Г-н Манури был удивлен.

– Сударыня, могу ли я задать вам один вопрос? – спросил он.

– Прошу вас, сударь.

– Нет ли какой-нибудь тайной причины для такого сильного горя?

– Нет, сударь. Я ненавижу затворничество, я ненавижу его и чувствую, что буду ненавидеть всегда. Я не смогу стать рабой всего того вздора, который заполняет день монастырской отшельницы: он соткан из пустых ребячеств, которые я презираю. Я бы примирилась с ними, если бы только могла. Сотни раз я пыталась переломить себя, но это оказалось свыше моих сил. Я завидовала счастливому недомыслию моих товарок, я просила о нем у Бога, но тщетно: Бог не хочет даровать мне его. Я все делаю плохо, говорю не то, что нужно; отсутствие призвания чувствуется во всех моих поступках. Это видит каждый. Я то и дело оскорбляю устои монастырской жизни, мою непригодность к ней называют гордыней, меня стараются унизить, число провинностей и наказаний вырастает до бесконечности, и целый день я мысленно измеряю высоту стен.

– Сударыня, не в моих силах разрушить эти стены, но я могу сделать другое.

– Сударь, не пытайтесь что-либо сделать.

– Вы должны переменить монастырь, и я позабочусь об этом. Надеюсь, что меня не лишат возможности видеться с вами; я еще зайду к вам, я буду извещать вас о каждом своем шаге. Уверяю вас, если только вы согласитесь, мне удастся вырвать вас отсюда. Дайте знать, если с вами будут обращаться слишком сурово.

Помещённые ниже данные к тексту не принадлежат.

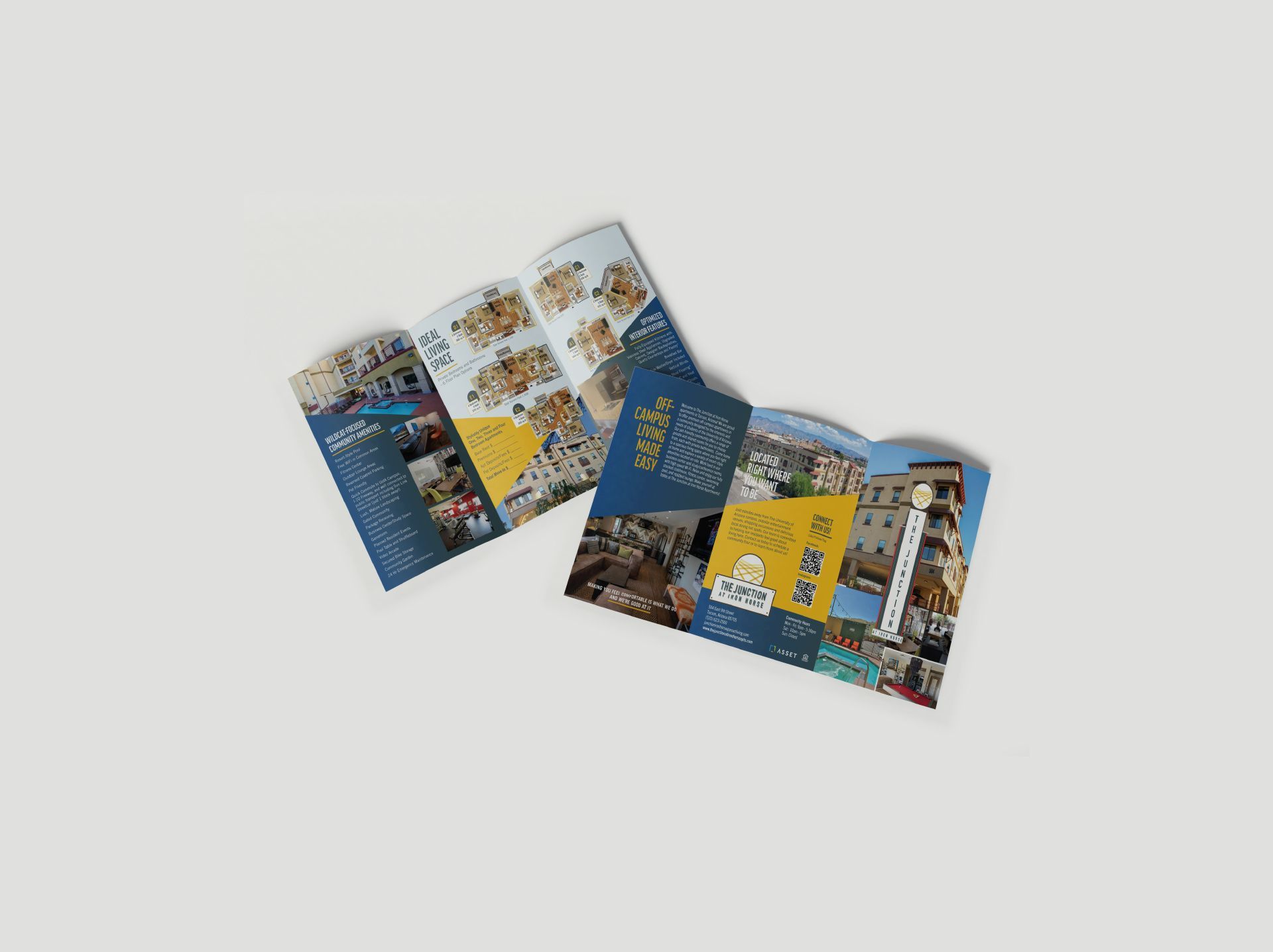 Designed print brochures tailored to distinct audiences and branding needs across multiple industries. Created a student-friendly brochure for The Junction at Ironhorse, using bold visuals, approachable language, and a youthful layout to appeal to the student housing market. Designed a direct marketing brochure for AlphaGraphics, focusing on clean, corporate design and clear messaging to effectively communicate services and drive client engagement. Developed a polished and modern brochure for The Viridian Apartments, showcasing the property’s upscale features through elegant typography, layout, and high-quality imagery. Each piece was crafted with attention to brand alignment, user experience, and print production standards.
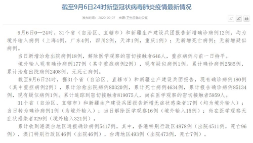 情況顯示,截至9月6日24時(shí),據(jù)31個(gè)?。ㄗ灾螀^(qū)、直轄市)和新疆生產(chǎn)建設(shè)兵團(tuán)報(bào)告,現(xiàn)有確診病例180例(其中重癥病例2例),累計(jì)治愈出院病例80320例,累計(jì)死亡病例4634例,累計(jì)報(bào)告確診病例85134例,現(xiàn)有疑似病例1例。累計(jì)追蹤到密切接觸者819075人,尚在醫(yī)學(xué)觀察的密切接觸者5959人。
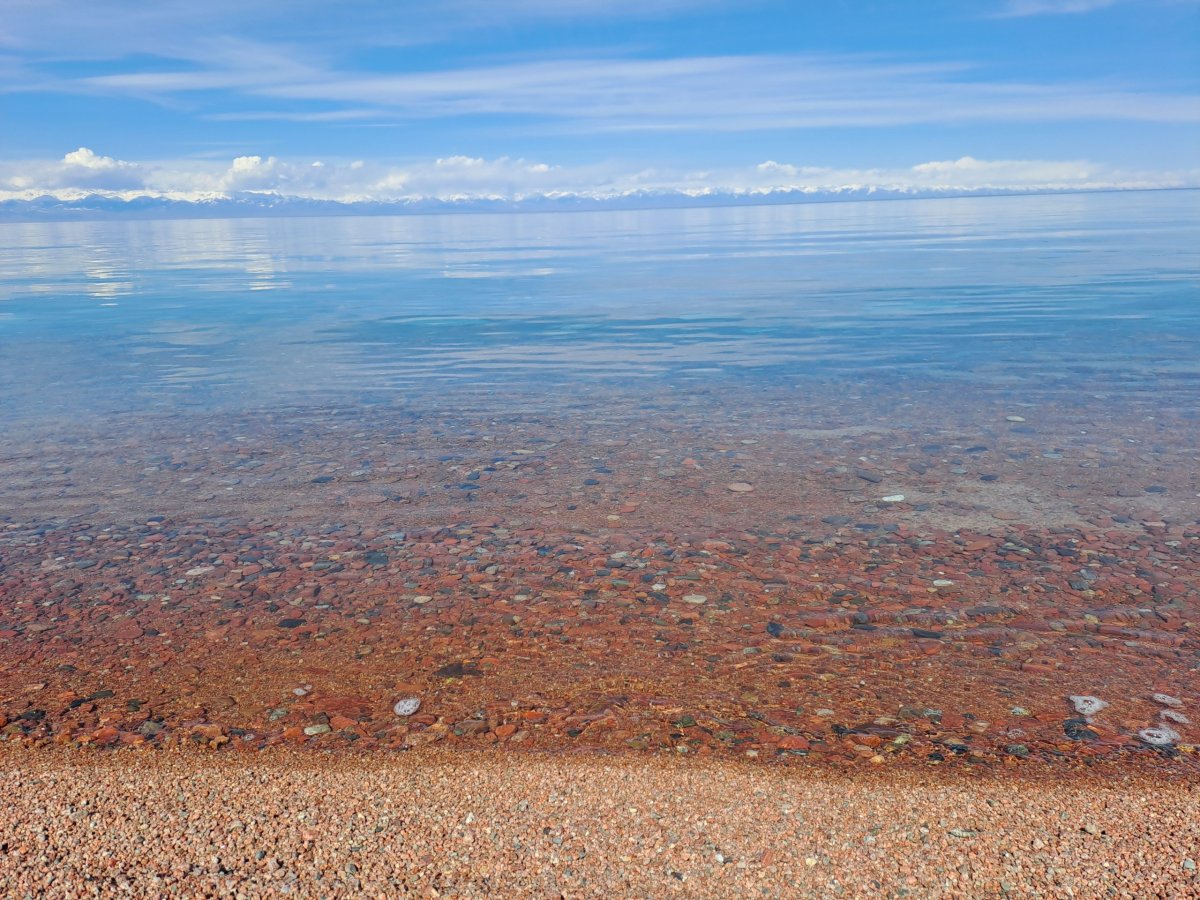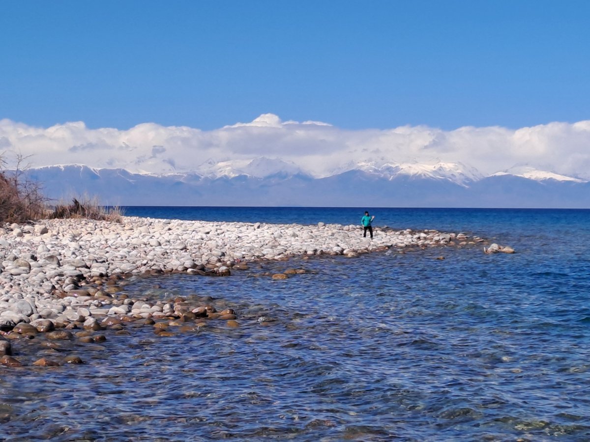 Jezero Issyk Kul je 180km dlouhé, 750m hluboké, mírně slané. Obklopené horami ze všech stran. Voda čistá, za hezkého počasí modrá. Asi nejhezčí, co jsme v KG viděli. K jezeru se lze dostat z Biškeku maršrutkou, každý den jede několikrát ze Západního autobusáku. Cesta trvá skoro pět hodin, v polovině je asi 15 minut pauza, cena 90Kč. Ubytovali jsme se ve vesnici Bokonbayevo v Guesthouse Gulmíra.

Когда г-н Манури ушел, было уже поздно. Я вернулась к себе. Вскоре зазвонили к вечерне. Я пришла в церковь одна из первых и остановилась у дверей, не дожидаясь, чтобы мне сказали об этом. В самом деле, настоятельница пропустила всех и заперла дверь передо мною. Вечером, во время ужина, она знаком приказала мне сесть на пол посреди трапезной. Я повиновалась, и мне дали только воды и хлеба. Я поела немного, смочив хлеб слезами. На следующий день был созван совет. Всю общину пригласили на мой суд, и приговор был таков: лишить меня часов отдыха, обязать в течение месяца слушать богослужение за дверью, ведущей на клирос, есть-сидя на полу посреди трапезной, три дня подряд совершать публичное покаяние, повторить обряд принятия послушничества и вторично произнести монашеский обет, носить власяницу, поститься через день и подвергать себя бичеванию после вечерни. Во время произнесения этого приговора я стояла на коленях с опущенным на лицо покрывалом.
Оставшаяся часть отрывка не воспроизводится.